Samstag, 3. November 2007

Mal wieder eine Lektion in Sachen Frauenrechte.

Ich habe einen Tag am Toten Meer verbracht, mit Leila und Jays Mitbewohner Znounou sowie einem netten Holländer und einer süßen Mexikanerin. Um Amman Beach zu betreten, zahlen Ausländer zehn JD (1 Jordan Dinar ist etwa ein Euro). Geboten werden das Tote Meer und zwei stattliche Pools, ein verdammt rutschiger Boden und das sonst so Übliche, also Kaffeebude, Restaurant, Snack- und Souvenirshop sowie Schlammschmiererei für Touristen. (Ich hatte keine Lust, 2 JD für einen Ganzkörperpackung Schlamm auszugeben, aber andere schwarze oder halbschwarze Gestalten am Strand warten zu sehen, bis das Zeug getrocknet war und abgewaschen werden konnte, hatte Unterhaltungswert.) So weit, so gut, so nett. Allerdings sollte man sich nicht am Morgen vor dem Besuch am Toten Meer rasieren, denn jede klitzekleine Wunde brennt beim Kontakt mit dem Salzwasser wie Hölle – genau wie sämtliche Schleimhäute. Tauchen nicht empfohlen – ich bekam versehentlich Wasser in die Nase und das war kein Spaß. Wie eine Quietschente durch’s Wasser zu dümpeln ist aber auch ohne Tauchgänge ein bemerkenswertes Erlebnis.

Schon beim ersten Gang am Pool entlang war mir aufgefallen, dass nur Jungs und Männer durch’s Wasser tobten. Später entdeckte ich dann auch die Mädchen und Frauen. Mit offenen Haaren oder mit Kopftuch, im Mantel oder in Jeans und T-Shirt standen und saßen sie um den Pool herum. Die einzigen weiblichen Wesen im Pool waren jedoch wir. Die Mädchen – wir waren in einen Schulausflug geraten – hielten höchstens mal ihre Füße ins Wasser, sahen den Jungs beim Schwimmen und Springen zu und wanderten zwischen Pool und Meer hin und her. Ich habe den einen oder anderen sehnsuchtsvollen Blick in Richtung Wasser gesehen, aber die meisten schienen diese Geschlechtertrennung zu akzeptieren. Vielleicht konnten die meisten der Mädchen nicht schwimmen. Dennoch: Wie frustrierend muss es sein, wenn alle männlichen Klassenkameraden an einem heißen Sommertag im Pool herumtollen, während man selbst voll bekleidet am Rand sitzen muss, nur weil man zufällig dem anderen Geschlecht angehört?

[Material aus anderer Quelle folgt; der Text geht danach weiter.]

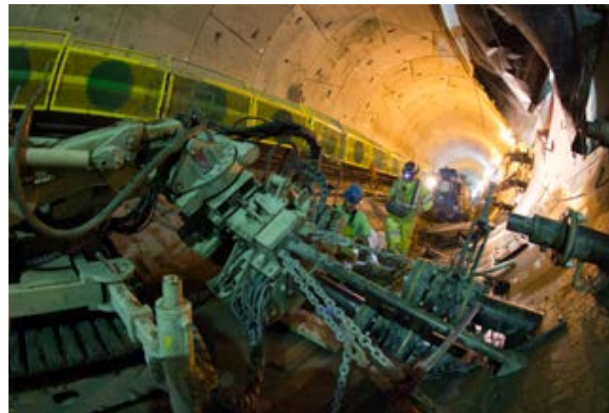
Keller has extensive experience with drilling inside of tunnels for the installation of grout pipes, freeze pipes, canopy pipes, instrumentation, and lances.
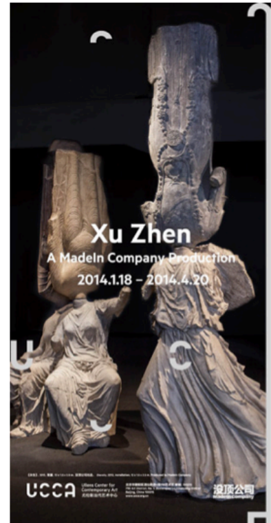
Advertise on Hyperallergic with Nectar Ads

You may think there's nothing going on this week, but you'd be wrong. It's not Christmas yet! Try artist-inspired cocktails, 3D projections, your last chance for two great shows, and an apocalyptic vision of London circa 2027.
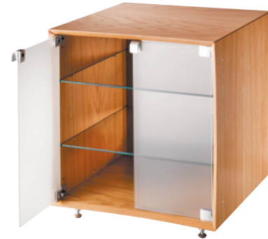
HIFI Qube Oak with Sandblast doors and adjustable feet.
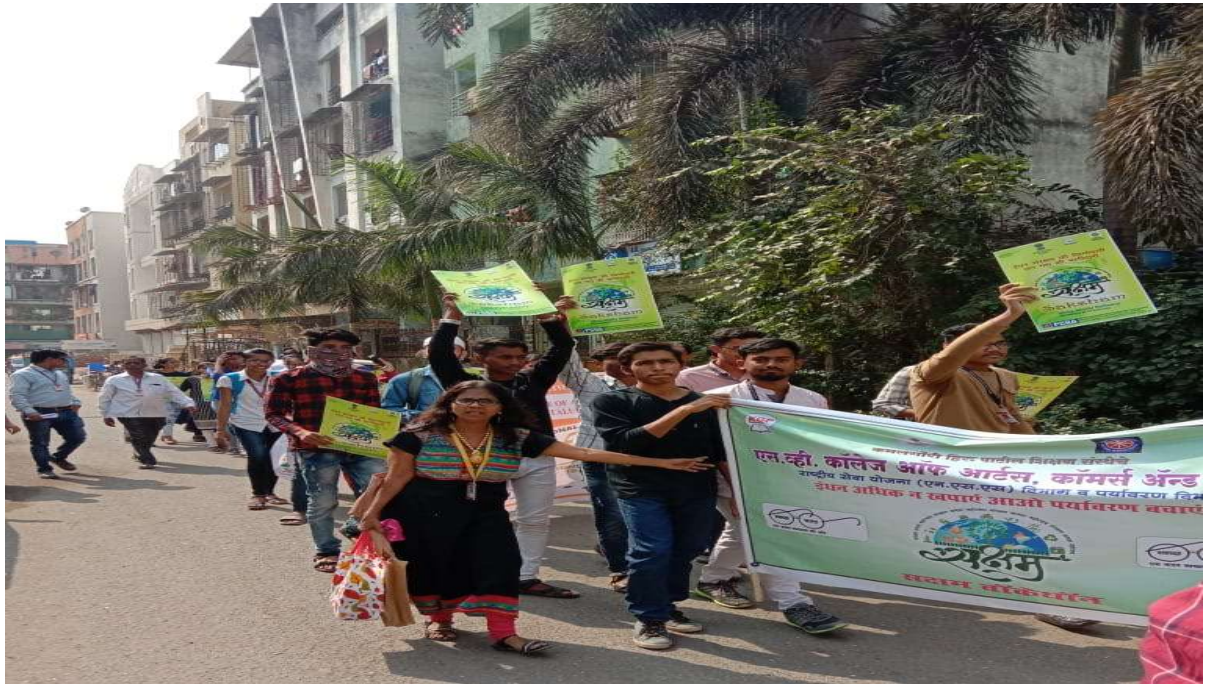
Swacha Bharat Abhiyan Organize of Saksham Rally 14 Feb 2020
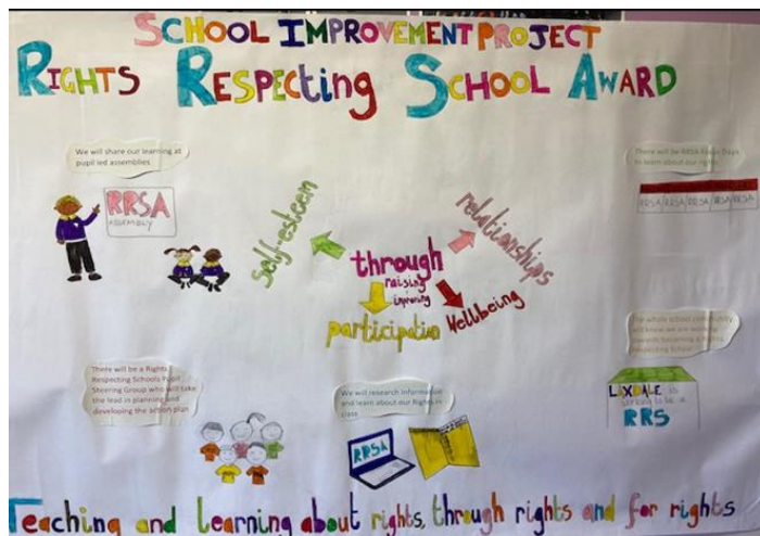
Rights Respecting School Pupil Friendly Version of Project Plan
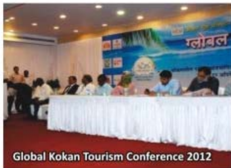
Global Kokan Tourism Conference 2012

Leila und ich haben diskutiert: Ob wir uns wehren und ins Wasser gehen würden, auch wenn alle unsere Freundinnen draußen und bedeckt blieben. Oder ob wir vielleicht gar nicht erst mitfahren würden. Ich braves Mädchen kann mir vorstellen, wie es ist, das fiese Spiel zu akzeptieren. Die wilde Leila war überzeugt, dass sie das nicht mit sich machen lassen würde. 1:1

Und dann auf dem Nachhauseweg, nach Kochen und Essen mit Znounou und Leilas Mitbewohner Udai – ein Baghdadi, der zu diesem Vornamen tatsächlich auch noch den Familiennamen Hussein trägt, aber ein wirklich netter Kerl ist: Ein Mann steht im weißen Unterhemd, also halbnackt, auf der Straße. Eine Gruppe junger Männer pfeift mich nach und ruft: Wie alt bist Du? Woher kommst Du? Ich liebe Dich. Ich will Dich küssen. Dabei war an mir nichts Aufsehenerregendes zu entdecken – die Haare faul zusammengeknäult, Kapuzenpulli, Cordhose, Turnschuhe.

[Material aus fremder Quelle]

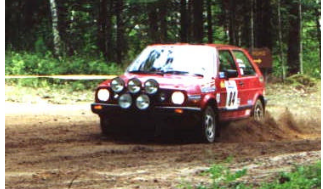
J.B. Niday and Al Kintigh in the relatively new Golf plowing furrows in the trail. J.B. must have finally linked up all the holes in the old Fiesta and it just disappeared.
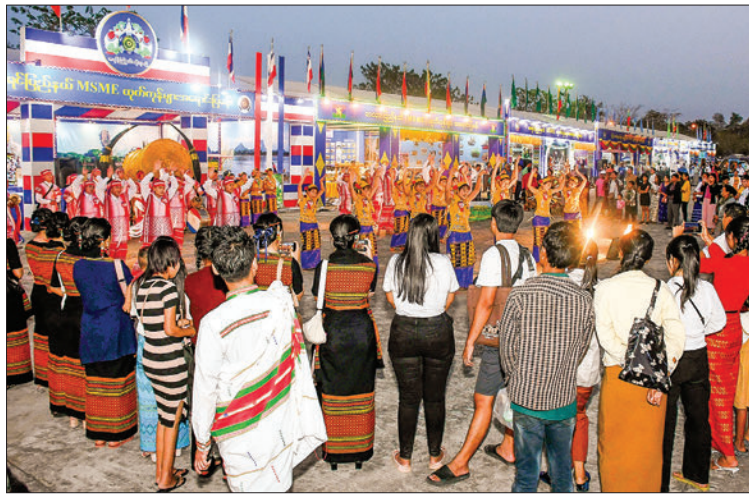
Crowds of visitors join the performance of ethnic dance troupes at the MSME products show and traditional food sale in Nay Pyi Taw yesterday.

AS a gesture of hailing the 77 th Anniversary of Union Day, the MSME products show and tradi-
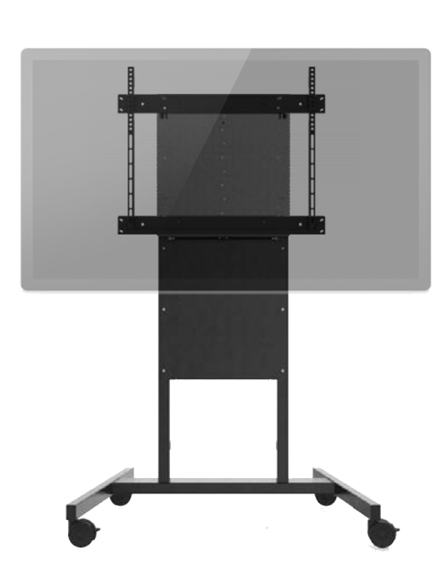
D-FLEX400-CART with VESA bracket
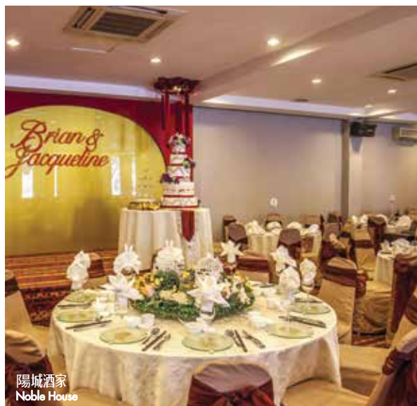
陽城酒家 Noble House

Aber im Ignorieren bin ich ja mittlerweile groß. Ich gehe meine Wege – auch wenn ich mich nach Anbruch der Dunkelheit unwohl fühle, weil ich weiß, dass ich aus dem Rahmen falle, wenn ich allein unterwegs bin. Ich überhöre die Kommentare auch ohne Musik in den Ohren, ich übersehe die Blicke, auch wenn ich sie spüre, ich rauche auch auf der Straße und wenn es zu warm ist, dann ziehe ich die langärmeligen Sachen aus. Das heißt so viel wie: Sie zeigen keinen Respekt für meine Bemühungen, also lasse ich meinen Respekt auch zu Hause. Ich bin davon längst nicht mehr so angepisst wie in den ersten Wochen, I got used to it.

Das ändert allerdings nichts daran, dass ich es als eine himmelschreiende Ungerechtigkeit empfinde, dass die Männer hier sich so derart daneben benehmen (dürfen), während ich schon als ehrlos gelte, wenn ich nach 22 Uhr allein nach Hause laufe, und mich von alten Frauen als Hure betiteln lassen muss, wenn ich eine Rauchpause auf dem Flohmarkt mache.